A few months later, in April of 1964, the Cambridge Circus crew were given their own weekly sketch show and continued the newsreader theme with the title I’m Sorry, I’ll Read That Again. Now original sketches were being produced with the same anarchic feeling as Beyond the Fringe, but beginning to push the goalposts further. Rather than recap a bunch of scenes, here is a best-of reel comprised of clips from the first series of episodes.

You might think that the first major radio show that Cleese wrote and starred in might take up a large portion of his memoirs, especially when one considers that the volume is focused solely on his pre-Python years. Strangely, however, the show initially receives only a couple of passing mentions. That is, until about two-thirds of the way through the book when he explains why he disliked the show.

Cleese has very high standards for comedy, which makes sense, since his work is among the best. As a result, when he’s working with a group, be it the Cambridge Circus crew or the Pythons, he had no problem pushing people to work harder or avoid clammy material which, as he admits in his book, could make him seem “snotty and condescending and puritanical.” Cleese’s theory is that the audience is to blame for the substandard material in I’m Sorry, I’ll Read That Again. “When we Cambridge Circus people did our first few radio shows, they were based on the stage-show script which was of quite a high standard, and the audiences were suitably responsive. By the time I returned from America they had become a football crowd. With their wild applause, thunderous laughter, cheering of catchphrases, groaning at puns, friendly booing and general OTT enthusiasm they had become part of the show— or rather, they had pretty much taken the show over and made it a mini-phenomenon in the radio world.” After appearing on 41 episodes of ISIRTA, John Cleese left the show, just as he would before the final series of Monty Python’s Flying Circus a few years later.

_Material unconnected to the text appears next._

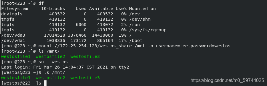 mount 172.25.254.123:/westosdir /mnt/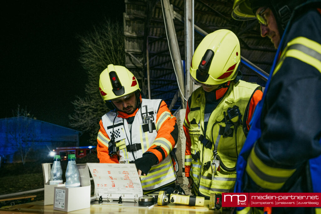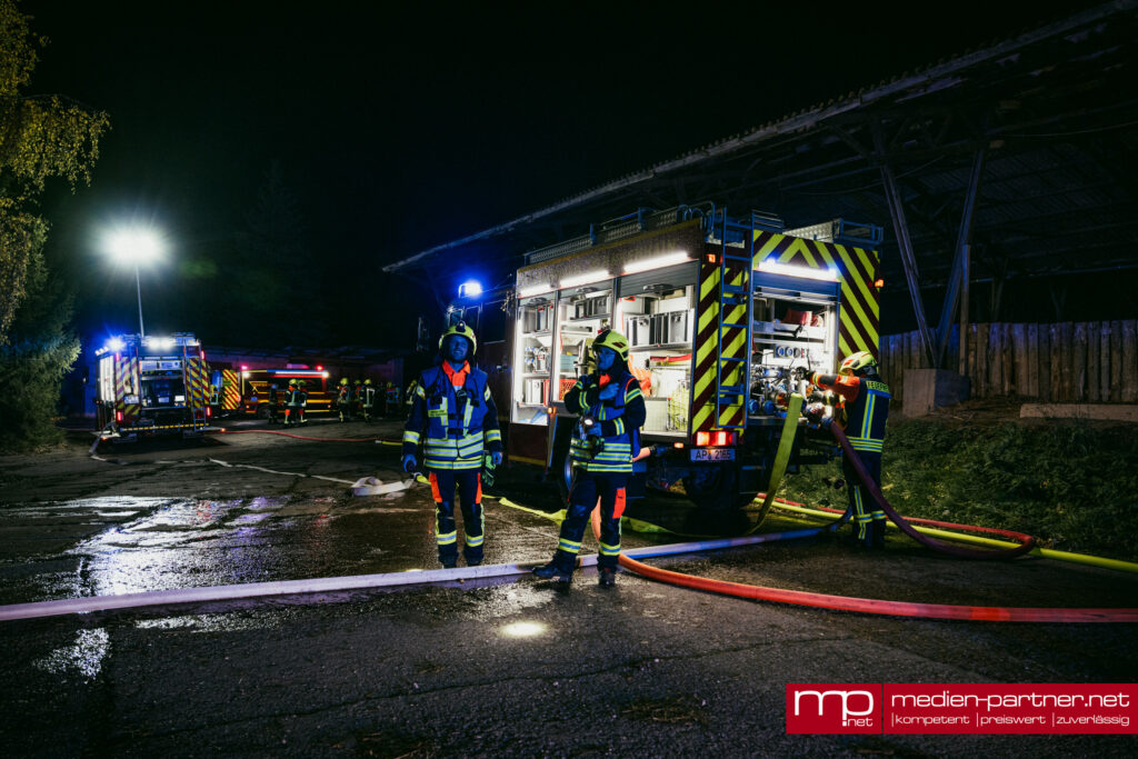 Besondere Vorsicht war wegen der verbauten Wellasbestplatten geboten. Um das Einatmen gefährlicher Stäube zu vermeiden, trugen die Feuerwehrkräfte auch FFP2-Masken. Auf das Einreißen des Daches wurde bewusst verzichtet.

But Cleese’s exit did not mark the end of the show. I’m Sorry, I’ll Read That Again would last until 1973. The show would also spin-off an unscripted panel show in 1972 called I’m Sorry I Haven’t a Clue, which has run continuously until the present and has been named the second funniest radio show of all time, right behind The Goon Show. Tim-Brooke Taylor and Cleese would reunite along with future Python Graham Chapman and Marty Feldman for At Last the 1948 Show.

All 9 series of ISIRTA can be found on the wonderful Archive.org site right here, should you be interested. It may not always be perfect, as John Cleese will tell you, but it’s still a wonderful look into the building blocks of British sketch comedy.